The book, which was the summer reading selection for both UNC and Duke University, discusses the issues associated with the contemporary factory farming industry.
SEE THE SHOW
Where: Swain Hall, Studio 6
When: 8 p.m., tonight and Saturday
Cost: $5 for students, $10 for others
Staff writer Sarah Haderbache spoke with Perucci about the show and the ethics of eating animals.
DTH: Why did you decide to adapt “Eating Animals” into a performance piece?
Tony Perucci: The Performance Collective does very politically focused work, so as soon as this book was announced as the summer reading book, I had the idea to do the project.
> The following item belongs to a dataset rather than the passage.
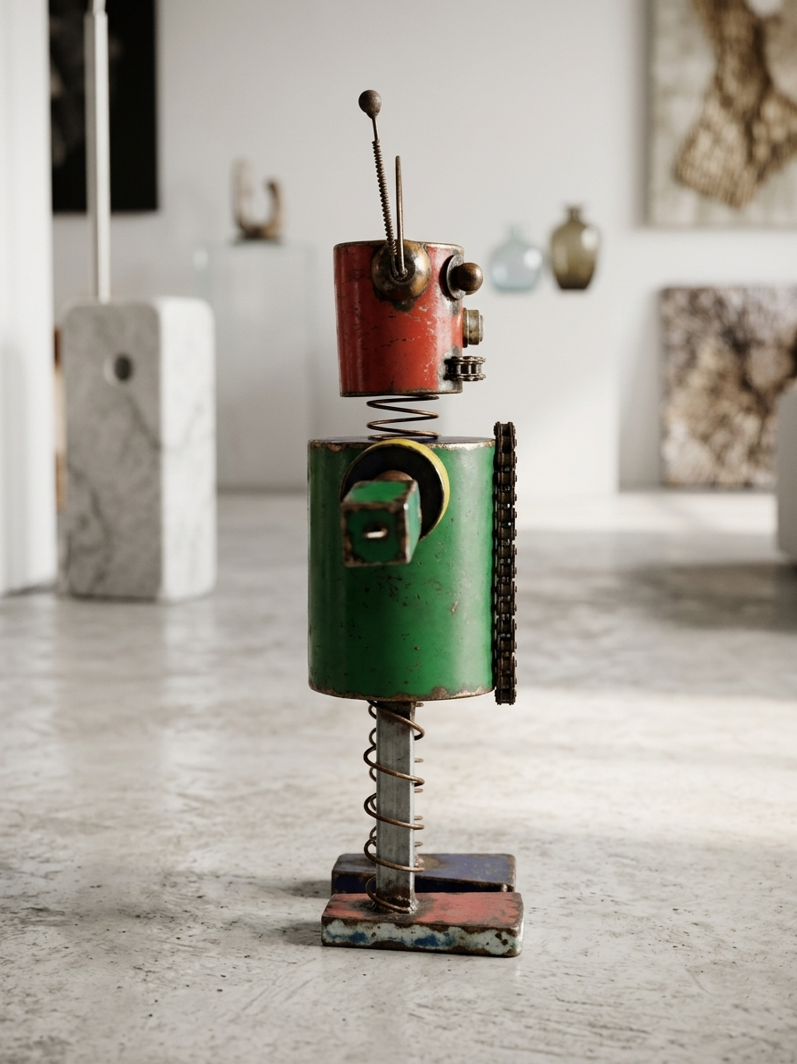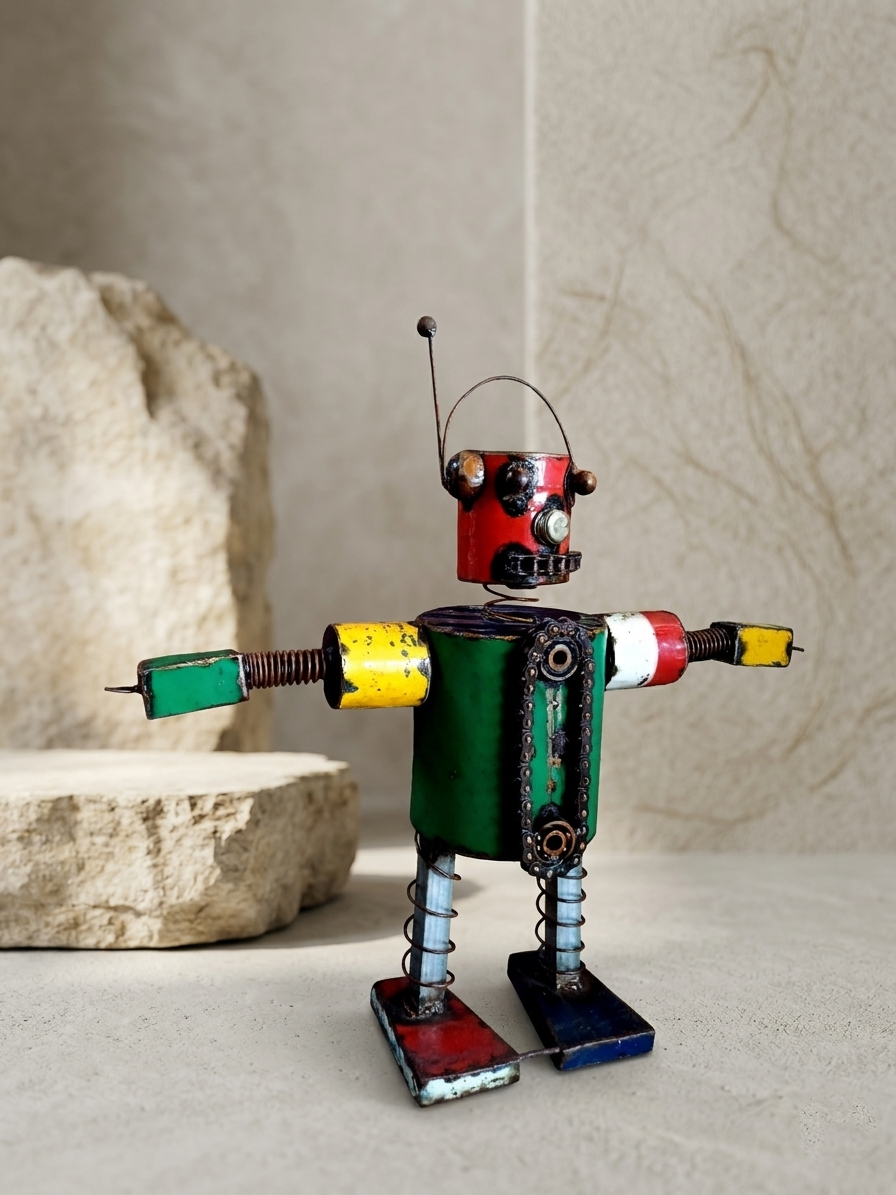 The Sparky Robot is a whimsical and imaginative sculpture that breathes new life into industrial salvage. This handcrafted character is assembled from a creative mix of reclaimed materials, including metal canisters for the body and head, heavy-duty drive chains for mechanical detailing, and industrial springs that serve as flexible limbs. With its quirky antenna and wide-eyed expression, Sparky exudes a retro-futuristic charm. Each piece is hand-welded and features an authentic distressed finish, making it a unique, eco-conscious art piece that adds a playful, industrial edge to any creative workspace, child’s room, or modern gallery.

It was the perfect kind of piece for us because it’s about a very complicated and thorny political and ethical issue. It’s not one that has a simple right or wrong position.
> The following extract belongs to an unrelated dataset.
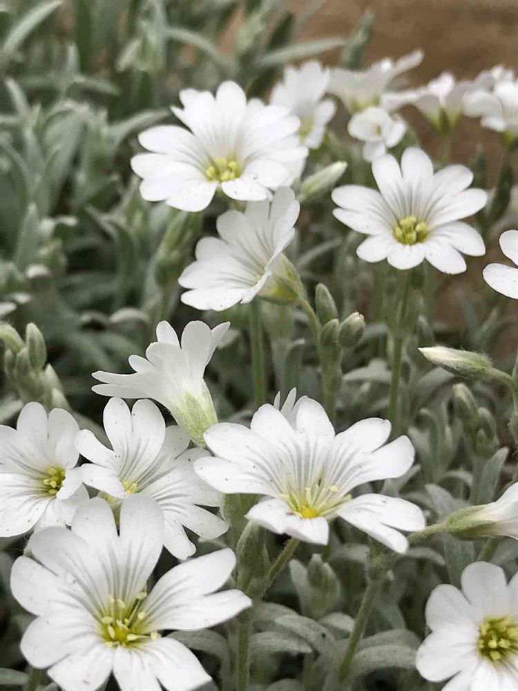銀葉に白のお花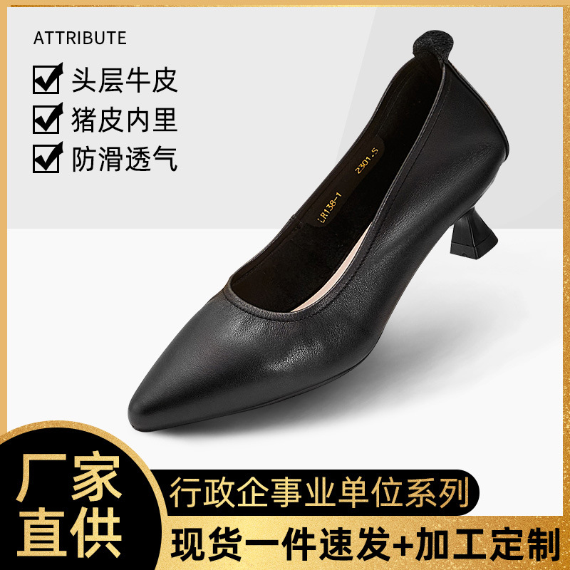 女士尖头行政皮鞋2022新款粗跟正装高跟皮鞋黑色真皮办公室西装鞋

DTH: So you wanted to work with a politically problematic issue?
TP: And I wanted it to challenge my own positions. I am not a vegetarian. But I am very thoughtful about what I do buy, and eat and cook. Ever since I was a college student, I had a deep suspicion that there was something ethically suspicious about eating meat. So I did what most of us do: I just didn’t think about it.
DTH: How did the show come together?
TP: It was challenging. Parts of the book, as Foer has written them, are friendly to an adaptation because as he says, the way we justify eating factory-farmed meat is the story we tell about what we eat. It’s also why it’s hard to give up eating meat because eating practices are so bound up with the stories we tell about our culture. Many of the stories of our childhood are bound up with the things we were eating.
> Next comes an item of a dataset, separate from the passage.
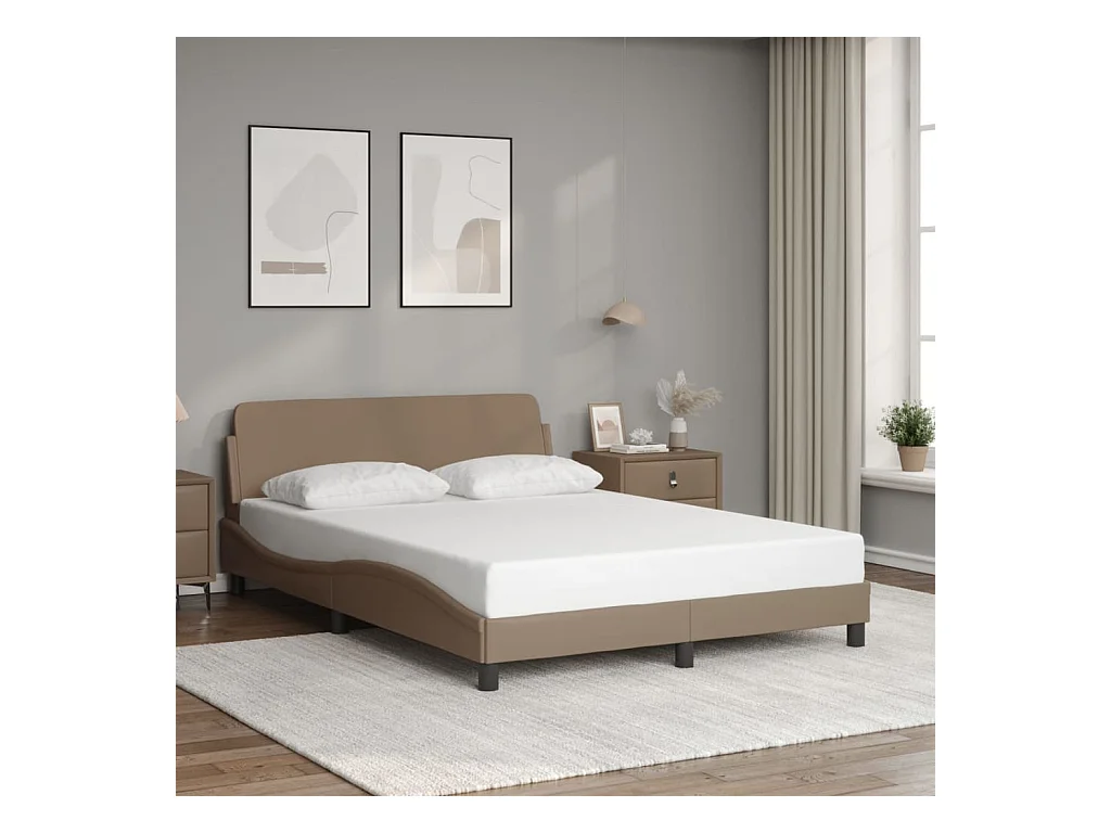 Lit double + tête de lit Cappuccino 140x200 cm Similicuir FR40224

So that’s one side of it. The other is our group is a collaborative group. We make work together. Oftentimes, I would give them some type of prompt. Sometimes I’m writing by myself, sometimes they’re doing composition work by themselves and then we lay them on top of each other.
DTH: Did making this project change your perceptions of eating animals and vegetarianism?
TP: I was very curious to see how deeply it would change my eating habits, because my wife is vegetarian and I’m not. So I’m used to cooking my separate meat portion. I haven’t stopped eating meat, but I’m fortunate to live two blocks from the Durham farmer’s market and so I now only buy local meat.
People do know that animals are treated poorly. People do know that if they saw how their meat was treated, they may not want to eat it. But I don’t think they know it’s almost universally the case now and that it wasn’t always the way it is now. And if it wasn’t always the way it is now, then it doesn’t have to always be the way it is in the future.